# 2015 GAA -USAT Calendar



## Archery Mom (Dec 16, 2014)

Here's the Calendar for 2015. Hope this helps everyone plan their year.


----------



## 3darcher (Dec 16, 2014)

there's no attachment or link


----------



## Archery Mom (Dec 17, 2014)

oops.. attached now.. thank you


----------



## oldgeez (Dec 17, 2014)

gaa known 3d in Kennesaw...that's a new one????


----------



## Archery Mom (Dec 17, 2014)

good catch... yes it is...


----------



## Brian from GA (Dec 18, 2014)

Very nice calendar. Only event that I saw was left out that could effect shooters here in Georgia is the ASA Classic that is not listed for August 20-23 and it is here in Columbus (I refuse to call it Phenix City). 

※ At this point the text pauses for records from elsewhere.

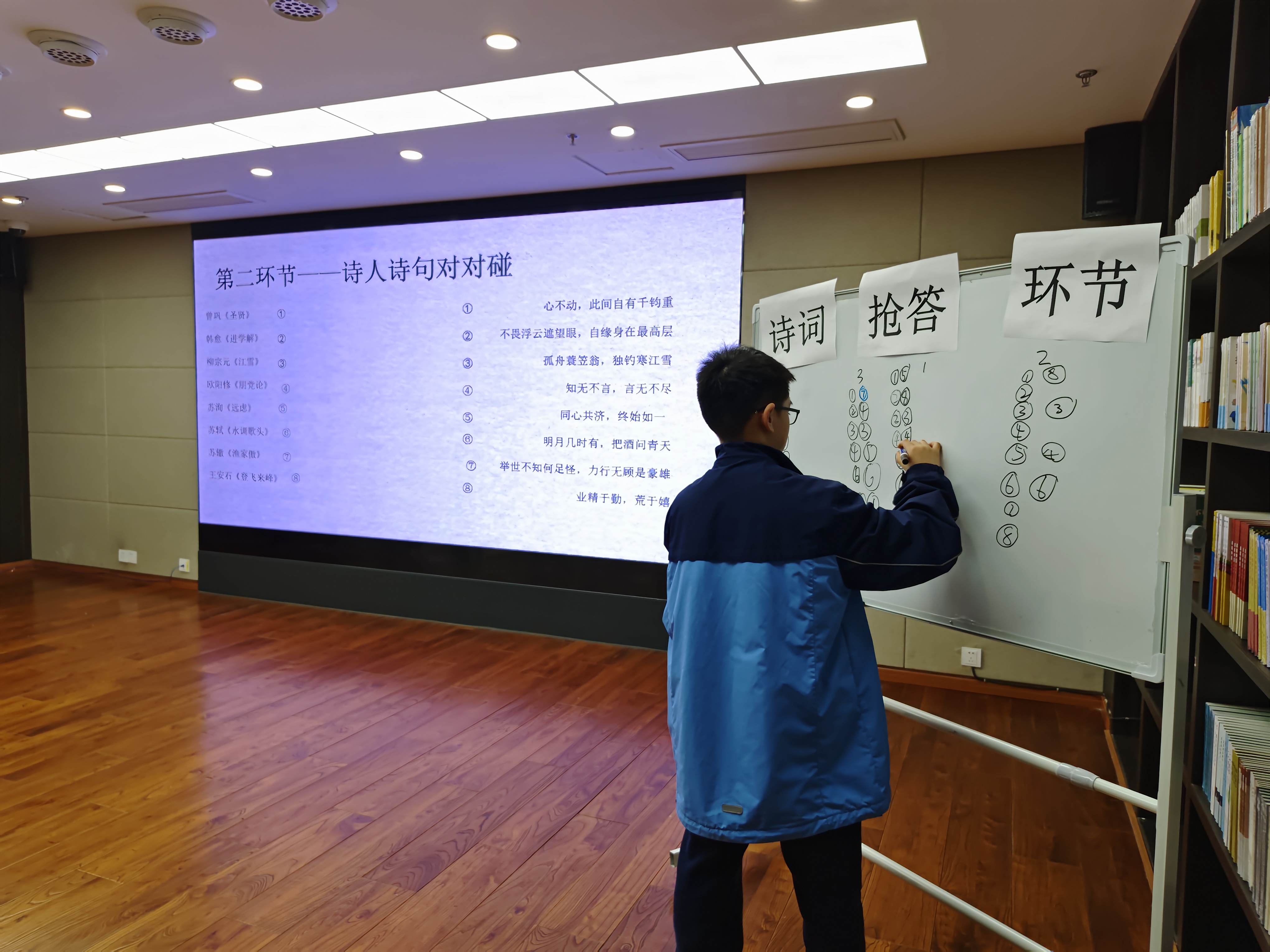 活动中诗人诗词对对碰环节,通过唐宋八大家的代表作品进行一个连线,现场小学生们利用自己的平时所积累的文化常识根据规则一一串联起来;接着古诗词抢答环节,通过七轮诗词竞猜的抢答,不仅可以让现场的学生学习古诗的知识还可以丰富大家的传统文化底蕴,寓教于乐。活动的最后通过以“花”为字的飞花令,大家排起队按照顺序依次回答。最后根据每组情况颁发活动礼品。
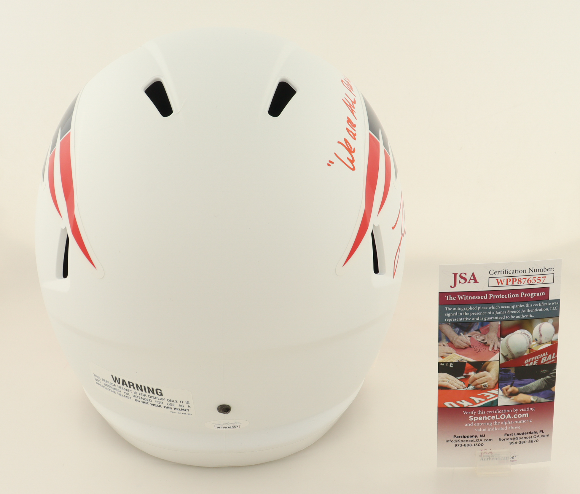 Jarrett Stidham Signed Patriots Full-Size Flat White Alternate Speed Helmet Inscribed "We Are All Patriots" (JSA)
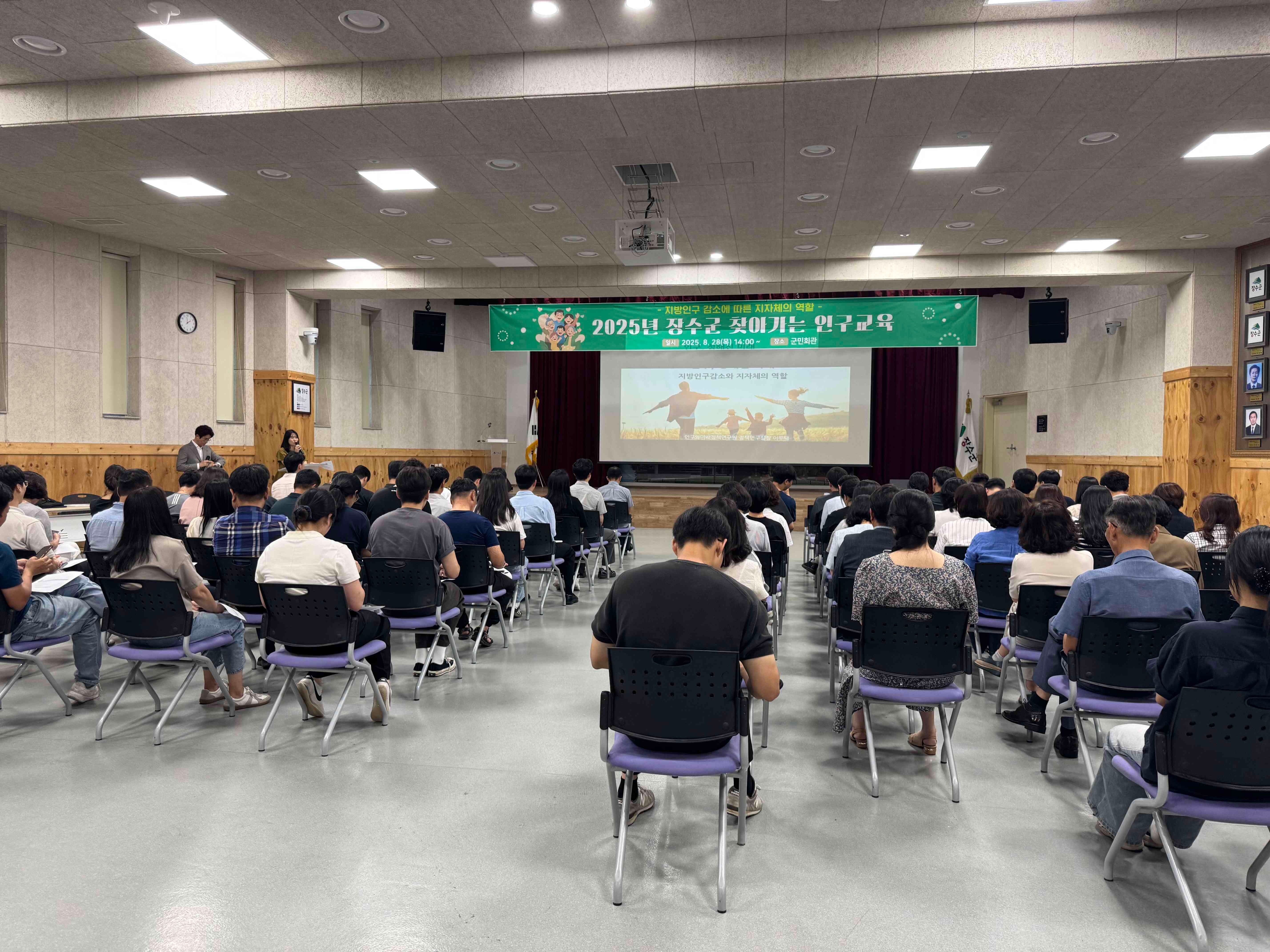 [장수=뉴전북] 장수군은 지역소멸 위기 대응책 마련을 위해 지난 28일 군청 군민회관에서 찾아가는 인구교육을 실시했다고 밝혔다.
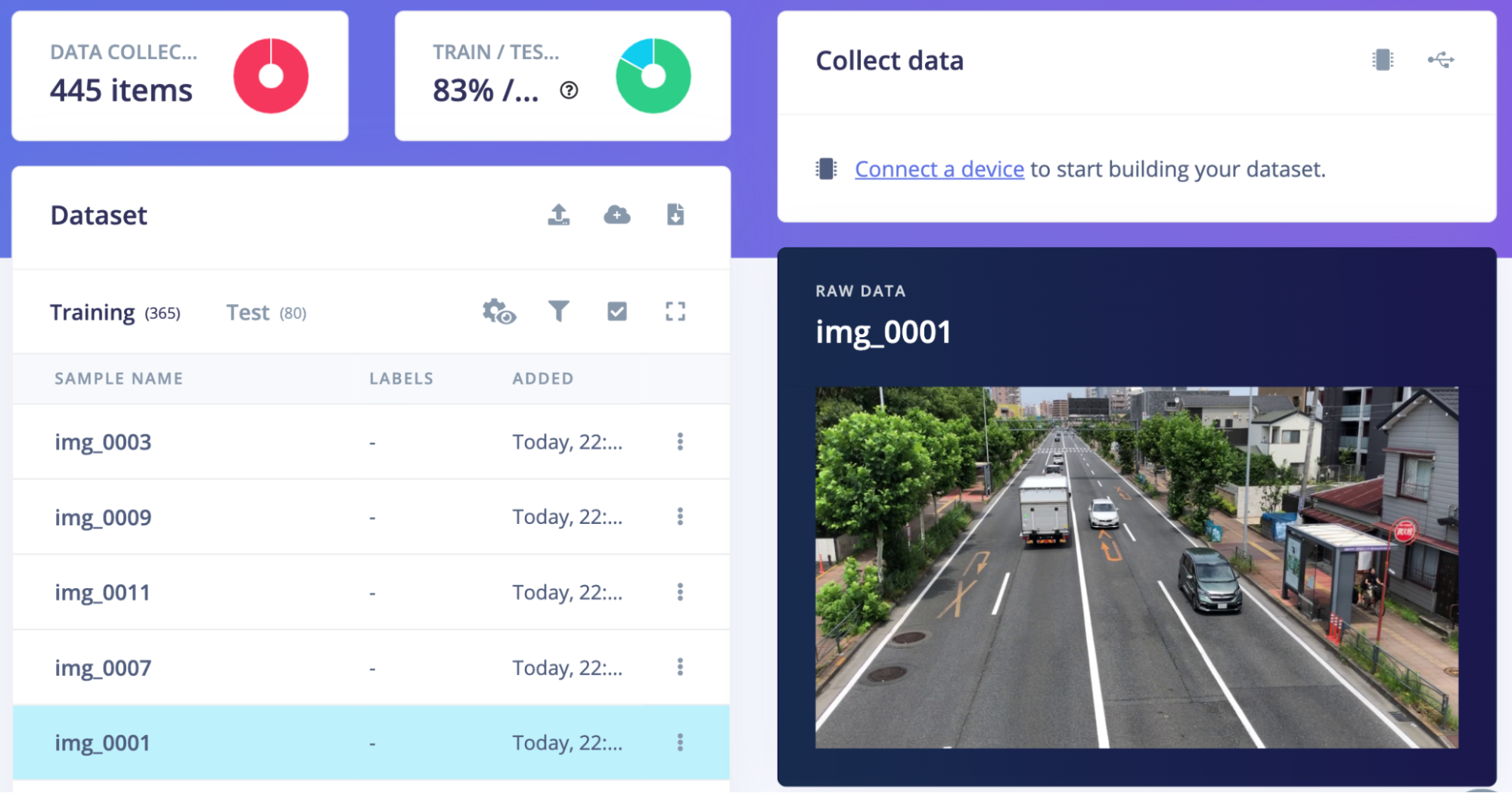 After deciding that an object detection algorithm would be the best tool for the job at hand, Kumar started building a dataset to train it. A number of videos were captured from atop a pedestrian bridge using a smartphone camera. Individual frames were then extracted from the videos before they were uploaded to an Edge Impulse project using the Edge Impulse CLI. In total, about 440 images were collected and uploaded.
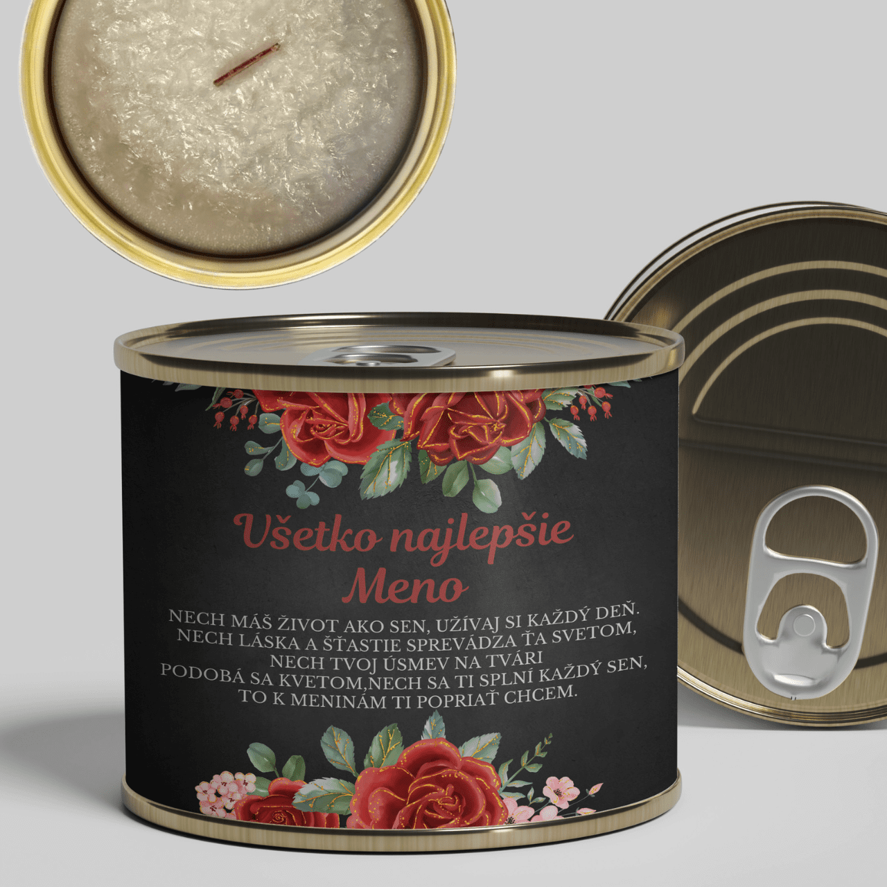 Originálny meninový darček – ručne odlievaná sviečka v štýlovej konzerve s dvoma drevenými knôtmi a vôňou čistej bavlny. Prispôsobíme meno, prianie aj venovanie podľa želania.
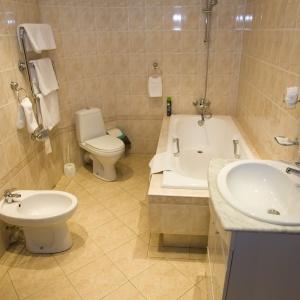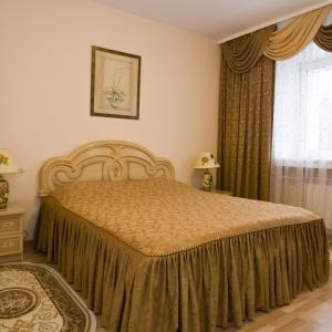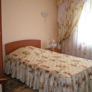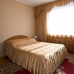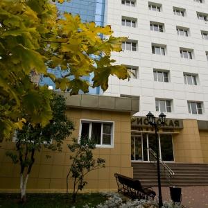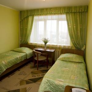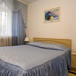 The nine-storied hotel building provides accommodation for 106 people in 73 rooms of various categories. Each room has a bed with bedside table, built-in wardrobe, mirror, desk with soft chair, armchair, LED TV, electric kettle, tableware, full bathroom with tub, toiletries, and cosmetic kit. Junior Suites offer living rooms with upholstered furniture, and Suite includes a living room with a fully equipped kitchen.
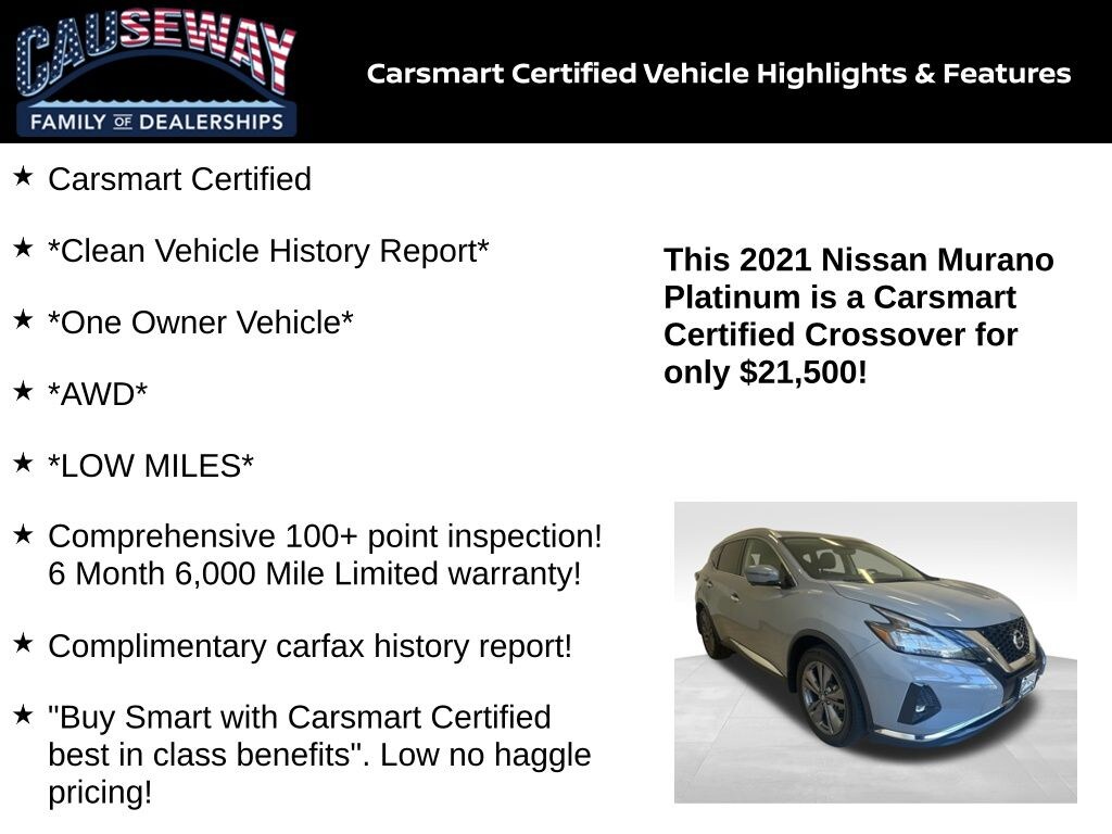 Command the road with sophistication in this 2021 Nissan Murano Platinum AWD, finished in the sleek Boulder Gray Pearl with a refined Graphite Leather interior. Designed for drivers who demand comfort, capability, and class, this Murano Platinum delivers premium features, advanced technology, and powerful performanceall with the confidence of Carsmart Certified benefits.
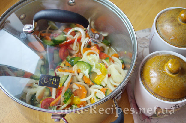 Перемішуємо салат, накриваємо кришкою і ставимо на плиту. Доводимо до кипіння, і варимо 10 хвилин, до зміни кольору огірків.
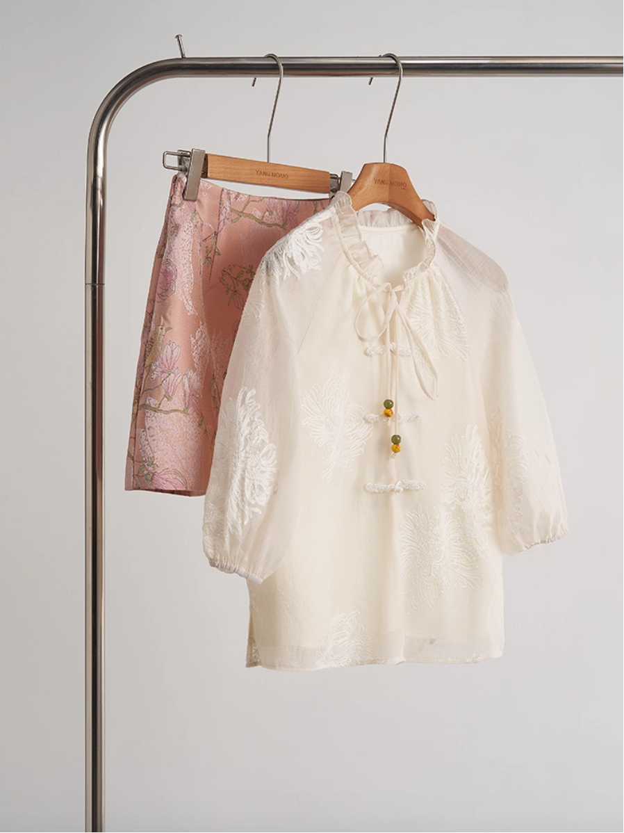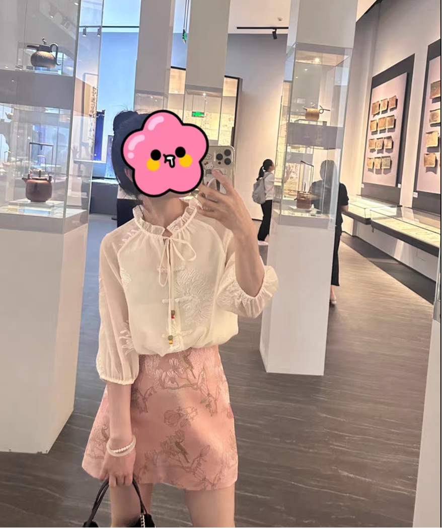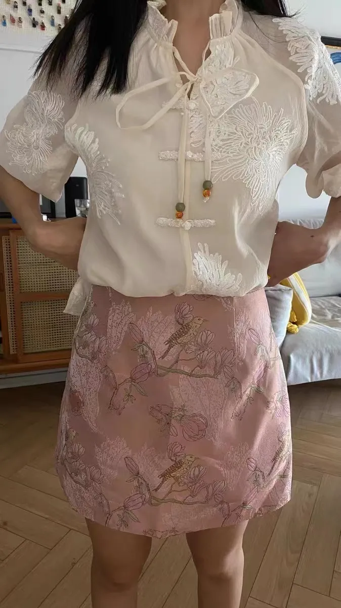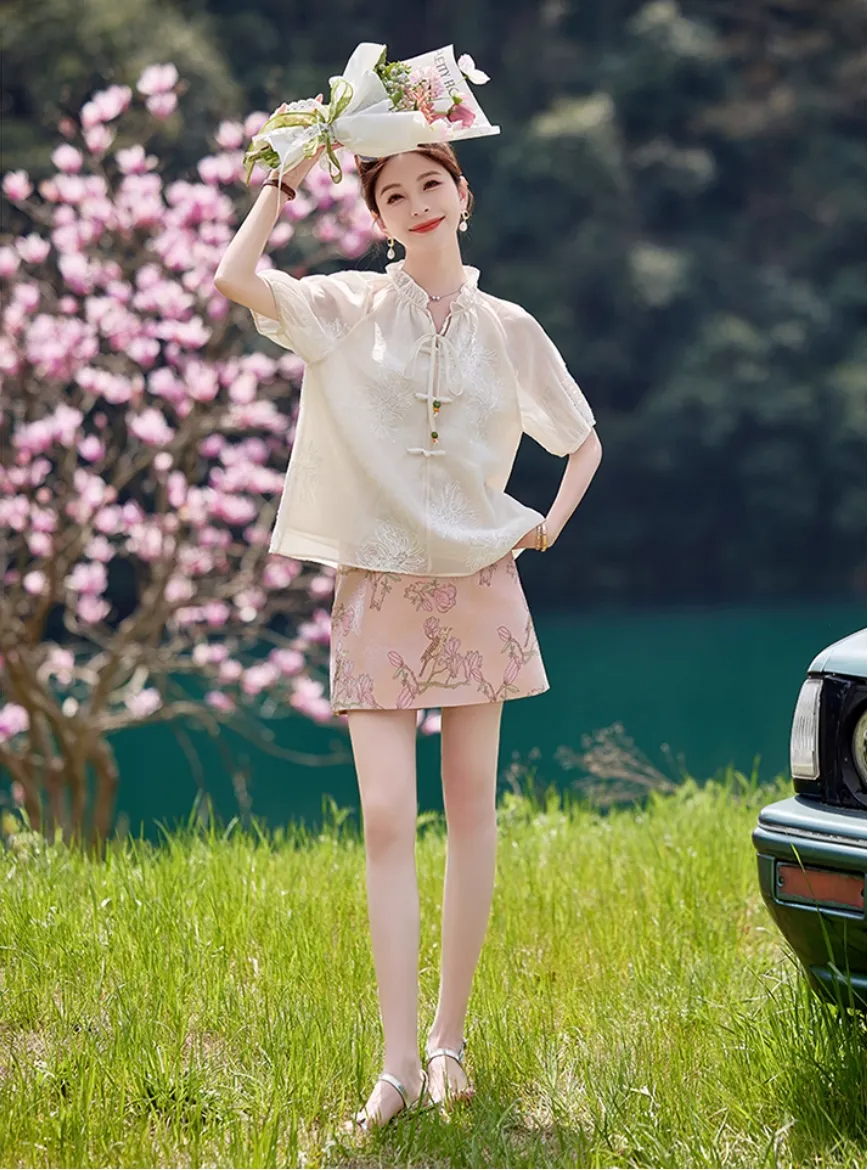 '春日宴' 新中式盘扣刺绣套装(上衣+短裙)

Also, one year later.... After all of the NFAA vs USAA membership stuff.... which membership do I need to get to be able to shoot the GAA State events and does that carry over to the GBAA events.


----------



## Archery Mom (Dec 18, 2014)

they both have a reciprocating agreement with each other. The only thing is, if you hold an NFAA membership, you must go to the US Archery website before each US Archery sanctioned tournament and apply for a temporary membership ( a pain I know). it truly just depends on which you shoot more of.


----------